Since its first Solyndra ad blitz, AFP has spent $20 million on anti-Obama ad buys and expects to spend a total of $100 million by November, the Los Angeles Times reported last week. The Koch brothers’ network will funnel $400 million into a handful of conservative groups this election season, Politico reported in May.

The 11-year-old ACORE represents companies from across the clean technology spectrum—from solar, wind and energy efficiency to biofuels and electric cars. Its members include solar developers BrightSource Energy and SolarCity, banking giant Goldman Sachs and utility Duke Energy.

The group raised $3.2 million from member dues, grants and fundraising efforts in 2010, the latest data available.

A Space to Respond

To support its advocacy efforts, ACORE launched a website and Twitter account last week called EnergyFactCheck.org and @EnergyFactCheck. “We will be carrying the fantastic story about renewable energy and our industry to the media, policymakers and to the public,” McGinn told the Waldorf-Astoria audience.

On the sidelines of the conference, McGinn told InsideClimate News that the highly politicized story of Solyndra “wasn’t the catalyst for this site,” though he did say it was “a big cause for the misinformation” around renewable energy. (When asked his political affiliation, McGinn said he is “fiercely independent.”)

“The idea is to try to have much a faster response” to “the myths that are associated with renewable energy—it’s too expensive, it will never scale up, it’s totally government dependent … and on and on,” he said.

EnergyFactCheck.org has been in the works since last fall. ACORE led the development of the site with help from outside contractors, including The Glover Park Group, a Democrat-leaning communications consulting firm. Glover Park’s founders previously served as officials in the Clinton administration and as campaign staff for former Vice President Al Gore’s presidential bid in 2000.

ACORE will collaborate with nearly 20 different renewable energy trade associations and advocates on the site’s upkeep. Staff will update it with the latest data from the trade groups, government agencies, energy labs and private financial analysts. Reporters, policymakers and curious citizens can also write to the site’s e-mail address to get data not listed on the site.

The site is divided into five sections. The first, called “The Fact Check,” reads like a question-and-answer form. Each negative claim about the renewables industry is paired with a rebuttal.

Another section, “Energy Issues,” provides statistics, such as renewable energy system costs, new project developments and job creation. The site’s “Energy Library” is a list of about a year and a half’s worth of industry reports and select independent studies. 
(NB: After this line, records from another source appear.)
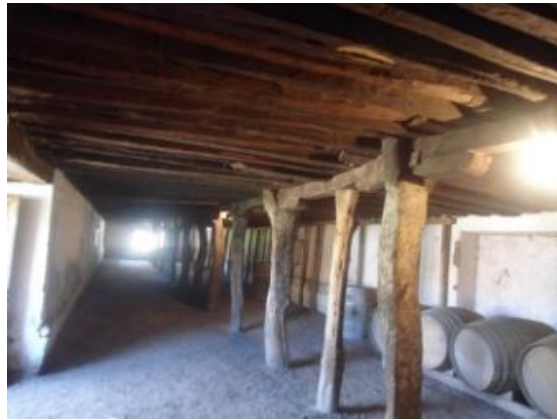
Figura 1: Dibujo de horcones soportando cumbrera 7 .

Foto 1: Alineamiento de horcones soportando los tirantes 6 .
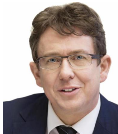
Albert Rösti Nationalrat BE / Parteipräsident SVP Schweiz
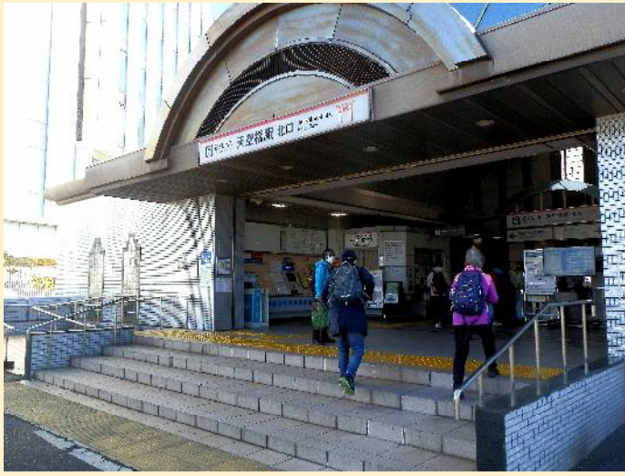
天空橋を渡りモノレール天空橋駅へ。
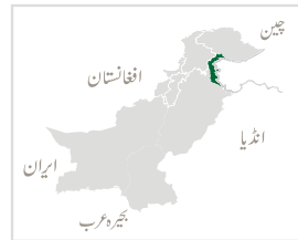
مرتب شدہ بذریعہ پی پی اے ایف۔ جی آئی ایس لیبارری
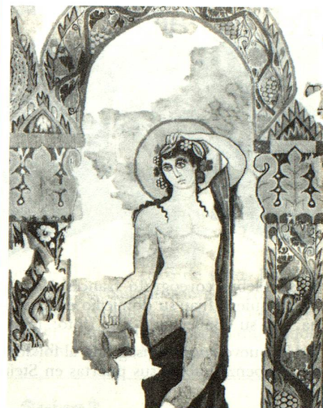
El dios del vino, personaje central del tapiz de Dionisio.

El análisis del estado de conservación y de la alteración de los colores permitió reconstituir íntegramente una de las más hermosas tapicerías de la época greco-romana. Esta representa una procesión dionisiaca, compuesta de ocho personajes

The Twitter account, which has 364 followers so far, is also run by ACORE. The group will tweet figures and will intervene in conversations when it sees inaccurate claims being made against renewables.

At the conference, ACORE members seemed enthusiastic about the idea.

“I think it certainly makes sense that the industry provide a set of clear statements and clear responses to some of the charges and incorrect assumptions which are made regarding renewable energy as a whole,” said Michael Whalen, chief financial officer of SolarReserve, a Santa Monica, Calif.-based solar developer.

SolarReserve saw its own share of bad press last fall after the Energy Department finalized a $737 million loan guarantee for the firm’s Crescent Dunes solar thermal power plant in Nevada.

The announcement came a month after Solyndra’s bankruptcy. Word soon got out that one of Solyndra’s investors, George Kaiser, an oil executive and an Obama campaign contributor, was also an investor in SolarReserve, sparking accusations that Obama showed political favoritism when granting that loan, too.

Whalen said the coverage didn’t harm his company, but he expressed frustration at what he sees as misperceptions about solar power’s limitations.

“We’d love to have rebuttal space,” he said.